■ **Data extracted from a collection**:
╔══
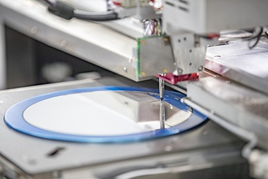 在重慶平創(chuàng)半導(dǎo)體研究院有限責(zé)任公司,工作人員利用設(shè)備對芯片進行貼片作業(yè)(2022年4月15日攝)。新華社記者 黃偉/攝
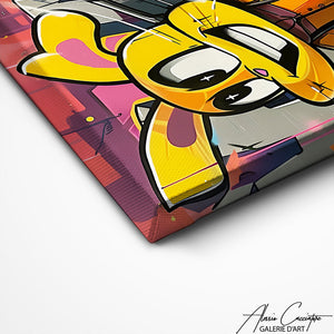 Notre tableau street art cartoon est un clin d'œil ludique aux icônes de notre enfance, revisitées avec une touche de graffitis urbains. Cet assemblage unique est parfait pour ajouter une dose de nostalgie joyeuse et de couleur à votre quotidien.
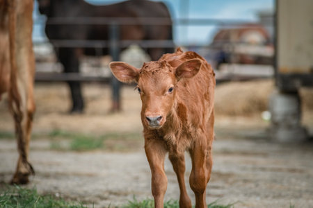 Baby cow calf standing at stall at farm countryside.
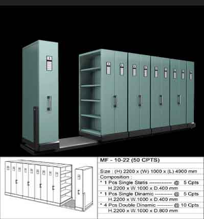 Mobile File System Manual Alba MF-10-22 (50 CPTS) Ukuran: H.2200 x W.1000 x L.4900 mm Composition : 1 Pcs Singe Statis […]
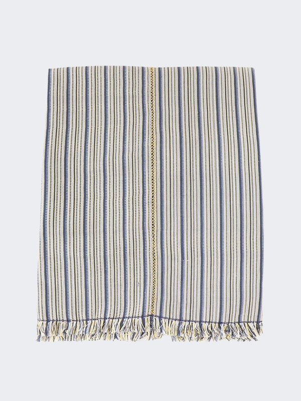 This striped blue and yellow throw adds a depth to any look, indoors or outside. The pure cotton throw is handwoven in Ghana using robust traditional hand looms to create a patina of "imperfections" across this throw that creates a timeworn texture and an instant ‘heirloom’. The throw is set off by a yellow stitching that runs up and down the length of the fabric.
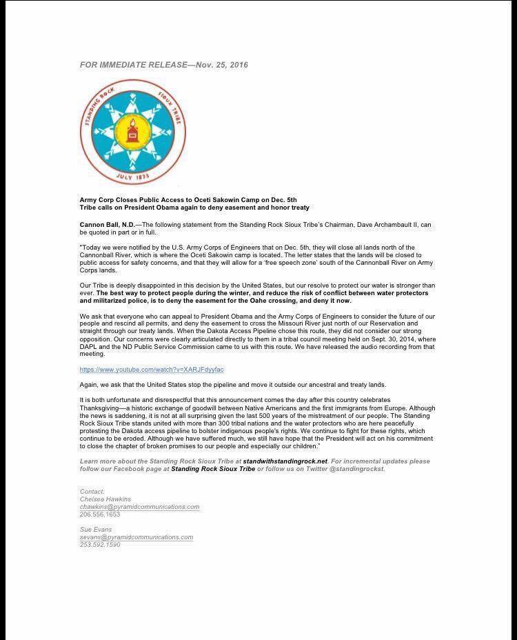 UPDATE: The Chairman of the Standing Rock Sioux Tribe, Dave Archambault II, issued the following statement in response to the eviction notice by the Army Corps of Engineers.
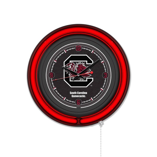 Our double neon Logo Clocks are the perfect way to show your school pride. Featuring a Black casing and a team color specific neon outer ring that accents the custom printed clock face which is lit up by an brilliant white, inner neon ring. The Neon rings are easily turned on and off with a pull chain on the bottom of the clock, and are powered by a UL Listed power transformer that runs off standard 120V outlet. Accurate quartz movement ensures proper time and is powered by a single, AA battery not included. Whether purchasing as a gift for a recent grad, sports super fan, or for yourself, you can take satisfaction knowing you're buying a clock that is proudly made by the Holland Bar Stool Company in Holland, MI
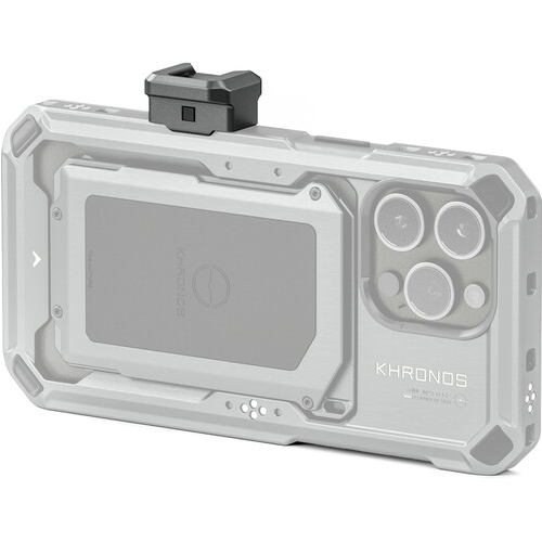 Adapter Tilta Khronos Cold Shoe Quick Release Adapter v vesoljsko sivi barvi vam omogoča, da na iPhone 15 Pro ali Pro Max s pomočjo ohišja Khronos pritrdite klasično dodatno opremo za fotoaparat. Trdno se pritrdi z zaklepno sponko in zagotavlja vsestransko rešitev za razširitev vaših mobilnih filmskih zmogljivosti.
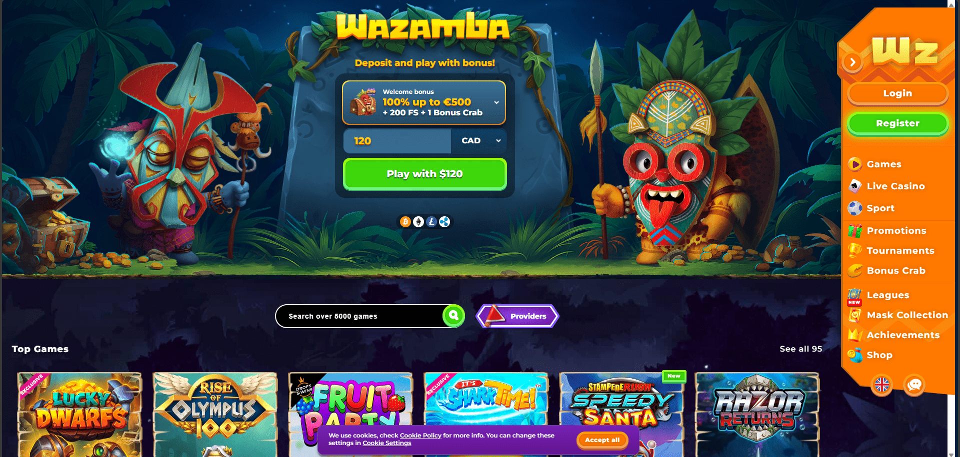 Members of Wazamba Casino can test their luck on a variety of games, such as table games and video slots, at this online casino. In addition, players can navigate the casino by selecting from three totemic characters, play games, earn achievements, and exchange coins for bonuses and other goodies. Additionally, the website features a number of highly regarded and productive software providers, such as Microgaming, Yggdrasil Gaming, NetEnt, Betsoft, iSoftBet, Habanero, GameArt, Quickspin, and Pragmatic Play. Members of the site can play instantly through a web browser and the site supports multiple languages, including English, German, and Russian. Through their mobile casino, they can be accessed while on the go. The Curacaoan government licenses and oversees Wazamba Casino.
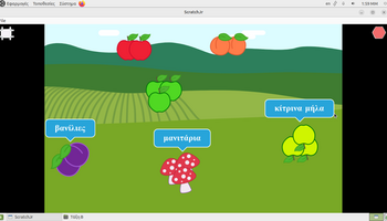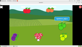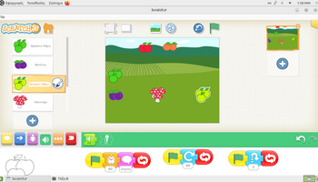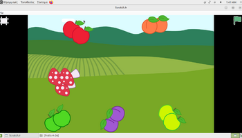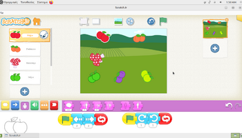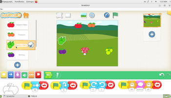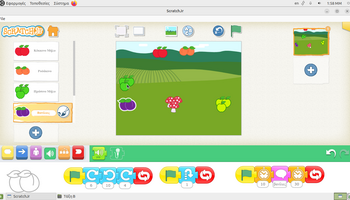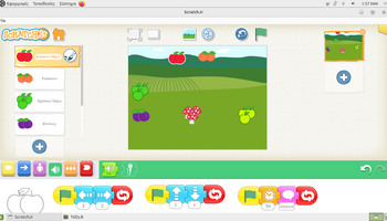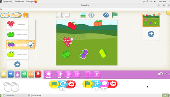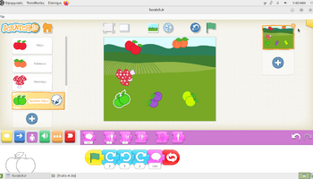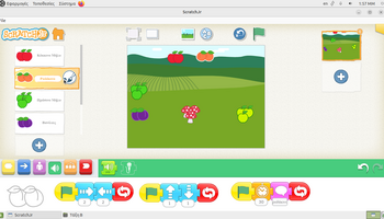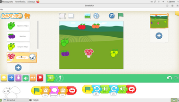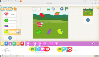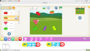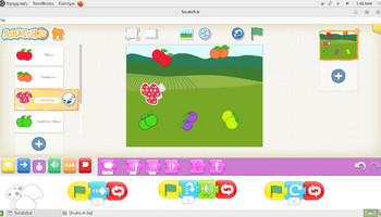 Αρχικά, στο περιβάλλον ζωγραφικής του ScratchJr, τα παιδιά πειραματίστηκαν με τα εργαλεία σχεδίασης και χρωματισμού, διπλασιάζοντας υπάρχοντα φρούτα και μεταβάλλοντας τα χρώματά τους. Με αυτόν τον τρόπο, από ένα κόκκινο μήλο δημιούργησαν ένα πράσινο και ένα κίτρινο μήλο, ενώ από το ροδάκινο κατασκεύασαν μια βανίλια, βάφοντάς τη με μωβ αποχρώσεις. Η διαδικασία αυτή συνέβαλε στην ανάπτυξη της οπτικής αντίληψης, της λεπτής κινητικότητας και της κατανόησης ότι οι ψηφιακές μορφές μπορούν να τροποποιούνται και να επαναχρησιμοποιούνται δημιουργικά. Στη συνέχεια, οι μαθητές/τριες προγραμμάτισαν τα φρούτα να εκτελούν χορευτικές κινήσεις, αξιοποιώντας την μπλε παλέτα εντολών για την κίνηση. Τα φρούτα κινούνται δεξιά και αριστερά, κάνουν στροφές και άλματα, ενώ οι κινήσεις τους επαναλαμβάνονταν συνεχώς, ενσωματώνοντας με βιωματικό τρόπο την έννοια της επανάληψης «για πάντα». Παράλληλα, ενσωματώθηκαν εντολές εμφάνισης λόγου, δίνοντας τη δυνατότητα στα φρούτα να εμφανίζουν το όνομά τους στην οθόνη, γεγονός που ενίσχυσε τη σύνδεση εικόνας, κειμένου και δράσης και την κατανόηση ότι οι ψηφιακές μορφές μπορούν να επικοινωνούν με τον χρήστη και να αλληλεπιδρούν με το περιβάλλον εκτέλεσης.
╚══
╔══
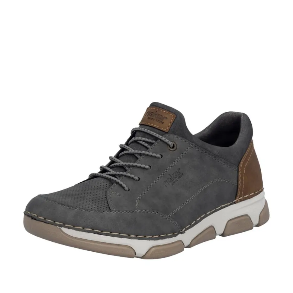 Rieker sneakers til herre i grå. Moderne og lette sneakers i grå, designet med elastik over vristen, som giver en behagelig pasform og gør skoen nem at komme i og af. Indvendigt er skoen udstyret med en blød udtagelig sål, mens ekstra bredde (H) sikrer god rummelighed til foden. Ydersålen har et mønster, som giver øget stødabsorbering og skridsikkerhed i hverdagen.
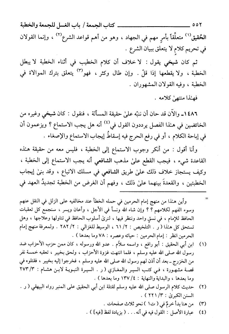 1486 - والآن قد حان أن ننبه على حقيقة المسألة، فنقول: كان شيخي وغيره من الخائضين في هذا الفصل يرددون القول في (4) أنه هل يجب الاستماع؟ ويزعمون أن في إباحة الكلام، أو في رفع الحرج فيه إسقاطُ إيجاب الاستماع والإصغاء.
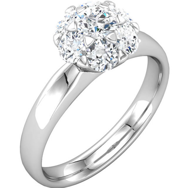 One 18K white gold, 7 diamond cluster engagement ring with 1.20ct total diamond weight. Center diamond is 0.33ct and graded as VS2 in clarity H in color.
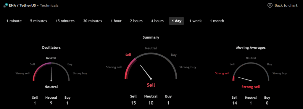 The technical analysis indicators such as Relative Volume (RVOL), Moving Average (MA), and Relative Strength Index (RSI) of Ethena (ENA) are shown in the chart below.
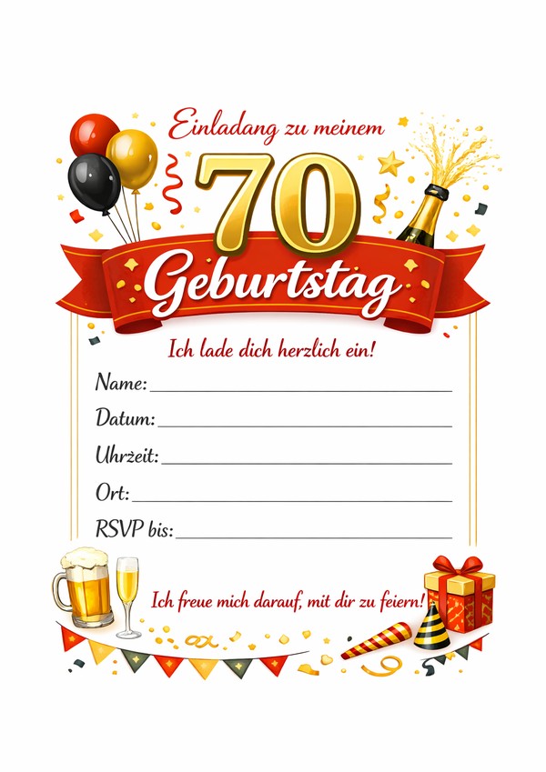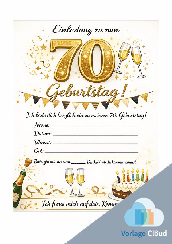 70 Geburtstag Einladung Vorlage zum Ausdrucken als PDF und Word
╚══
■ **Task item**: Retype the lines above exactly as they appear, from the line containing "在重慶平創(chuàng)半" through the line containing "Our double neon", and leave out any pictures.

■ **Solved exercise**:
 在重慶平創(chuàng)半導(dǎo)體研究院有限責(zé)任公司,工作人員利用設(shè)備對芯片進行貼片作業(yè)(2022年4月15日攝)。新華社記者 黃偉/攝
 Notre tableau street art cartoon est un clin d'œil ludique aux icônes de notre enfance, revisitées avec une touche de graffitis urbains. Cet assemblage unique est parfait pour ajouter une dose de nostalgie joyeuse et de couleur à votre quotidien.
 Baby cow calf standing at stall at farm countryside.
 Mobile File System Manual Alba MF-10-22 (50 CPTS) Ukuran: H.2200 x W.1000 x L.4900 mm Composition : 1 Pcs Singe Statis […]
 This striped blue and yellow throw adds a depth to any look, indoors or outside. The pure cotton throw is handwoven in Ghana using robust traditional hand looms to create a patina of "imperfections" across this throw that creates a timeworn texture and an instant ‘heirloom’. The throw is set off by a yellow stitching that runs up and down the length of the fabric.
 UPDATE: The Chairman of the Standing Rock Sioux Tribe, Dave Archambault II, issued the following statement in response to the eviction notice by the Army Corps of Engineers.
 Our double neon Logo Clocks are the perfect way to show your school pride. Featuring a Black casing and a team color specific neon outer ring that accents the custom printed clock face which is lit up by an brilliant white, inner neon ring. The Neon rings are easily turned on and off with a pull chain on the bottom of the clock, and are powered by a UL Listed power transformer that runs off standard 120V outlet. Accurate quartz movement ensures proper time and is powered by a single, AA battery not included. Whether purchasing as a gift for a recent grad, sports super fan, or for yourself, you can take satisfaction knowing you're buying a clock that is proudly made by the Holland Bar Stool Company in Holland, MI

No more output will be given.